In a group of hospitalized COVID-19 patients with no prior neurologic disease, 37.4% showed abnormalities on neurologic exam 6 months later -- most commonly cognitive deficits, hyposmia, and postural tremor -- according to Alessandro Padovani, MD, PhD, of the University of Brescia, and co-authors. The findings were reported in a medRxiv preprint and have not undergone peer review.
Patients also noted fatigue, memory impairment, and sleep disorders, Padovani said. "The severity of SARS-CoV-2 infection was an important predictor, together with age and premorbid condition, of long-term neurological symptoms and features in the cohort."
The findings are important for long-term management of COVID-19 patients, he told MedPage Today. "They showed that the severity of SARS-CoV-2 infection may impact on neurological sequelae, but also that the symptoms reported do not always reflect neurological features at examination."
The study is one of the first to look specifically for new long-term neurologic manifestations in COVID-19 patients who were hospitalized. Earlier research showed that 87% of patients hospitalized with COVID-19 reported persistence of at least one lingering symptom, notably fatigue and dyspnea, 60 days after discharge. Fatigue and dyspnea also were the most prevalent symptoms reported during infection and at 3-month follow-up in an analysis of both hospitalized and non-hospitalized COVID-19 patients.
Padovani and colleagues asked all COVID-19 survivors without premorbid neurologic disease who were discharged from the ASST Spedali Civili Hospital between February and April 2020 to participate in a follow-up study that included a standardized neurologic symptom checklist and a neurologic exam at 6 months.
The checklist including symptoms related to central, peripheral, myopathic, and cognitive manifestations. The exam assessed cranial nerves; motor, sensory, cerebellar, and basal ganglia-related function; deep tendon reflexes; pyramidal signs; and global cognitive function using the Montreal Cognitive Assessment (MoCA).
Cognitive impairment was specifically associated with severity of COVID-19, independently of age and pre-morbid conditions. "On one hand, this suggests that hospitalization and severity of COVID-19 have a large impact in subjects with increased multi-morbidity, in line with other infectious diseases, such as community-acquired pneumonia," the researchers noted.
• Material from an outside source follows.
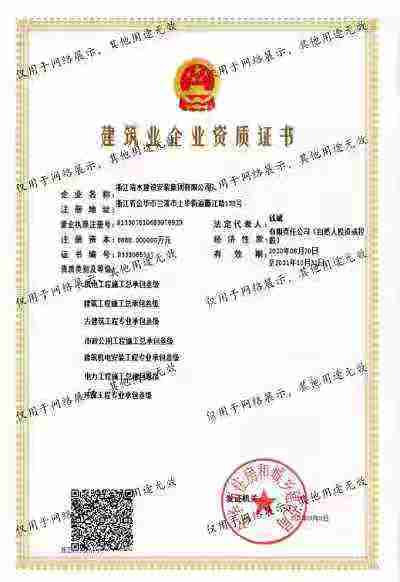 浙江清水建設(shè)安裝集團有限公司成立于2013年,注冊資金6688萬元。集團具有消防設(shè)施工程專業(yè)承包壹級、城市與道路照明專業(yè)承包壹級、電子與智能化專業(yè)承包壹級、建筑裝飾裝修專業(yè)承包貳級、防水防腐保溫專業(yè)承包貳級、市政工程施工總承包貳級、機電工程施工總承包貳級、建筑工程施工總承包貳級、電力工程施工總承包貳級、機電工程專業(yè)承包貳級、環(huán)保工程專業(yè)承包貳級、古建筑工程專業(yè)承包貳級、特種工程結(jié)構(gòu)補強專業(yè)承包、建筑施工勞務(wù)作業(yè)專業(yè)承包(憑建筑業(yè)企業(yè)資質(zhì)證書經(jīng)營
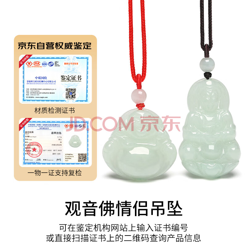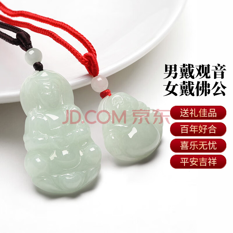 商品相册:凤禧珠宝翡翠玉观音玉佛吊坠男女士情侣款一对天然玉石项链生日礼物第

On the other hand, the persistence of cognitive deficits "needs to be addressed in COVID-19 follow-up programs to evaluate their impact and progression over time and disentangle their potential relationship with psychosocial and psychiatric disturbances," the investigators pointed out.
To that end, a global prospective study to investigate links between COVID-19 and cognitive decline was announced this week by the Alzheimer's Association, the World Health Organization, and others.
The research had several limitations, the team said. It was a single-center study with a relatively small sample size; premorbid conditions were based on medical records and assessment during hospitalization without extensive neurologic screening at baseline; and patients who developed neurologic disease during the acute phase of SARS-CoV-2 infection were not included.